> [What you are asked to do]
Start to finish, return the listing below exactly, pictures excluded.

> [Stored data]
##########
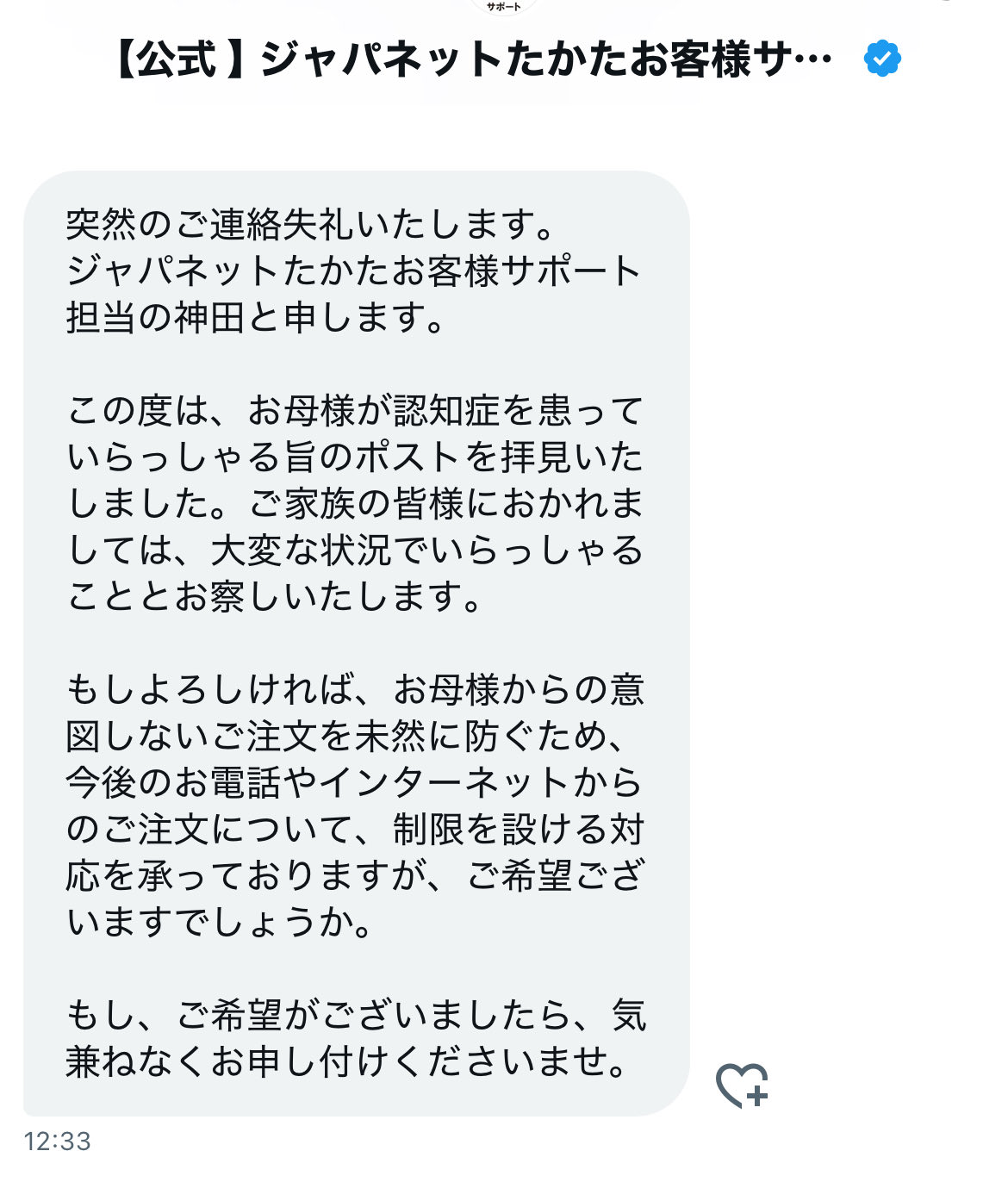 「これは素晴らしい…」家族が認知症だとポストしたXユーザーに対する『ジャパネットたかた』のDMが話題に😳
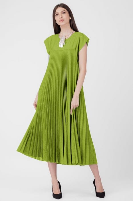Rochie plisata A-line lunga, material fin si usor creponat, verde oliv mărime mare
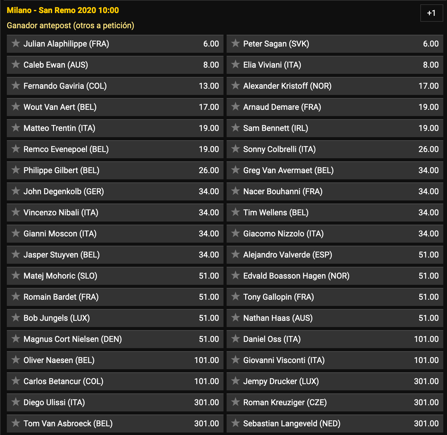 Una de las clásicas con mayor incidencia de la temporada es la Milán-San Remo. A mediados de marzo se darán cita por las carreteras italianas los mejores ‘clasicómanos’ del pelotón, para intentar reinar al finalizar los 300 kilómetros de esta dura prueba. La igualdad será la predominante en esta prueba, aunque sobre el papel y según apuntan las apuestas en directo, hay algunos ciclistas que parten con más chances de seguir haciendo historia en la clásica con mayúsculas del calendario ciclista internacional.
##########
> [Output]
 「これは素晴らしい…」家族が認知症だとポストしたXユーザーに対する『ジャパネットたかた』のDMが話題に😳
Rochie plisata A-line lunga, material fin si usor creponat, verde oliv mărime mare
 Una de las clásicas con mayor incidencia de la temporada es la Milán-San Remo. A mediados de marzo se darán cita por las carreteras italianas los mejores ‘clasicómanos’ del pelotón, para intentar reinar al finalizar los 300 kilómetros de esta dura prueba. La igualdad será la predominante en esta prueba, aunque sobre el papel y según apuntan las apuestas en directo, hay algunos ciclistas que parten con más chances de seguir haciendo historia en la clásica con mayúsculas del calendario ciclista internacional.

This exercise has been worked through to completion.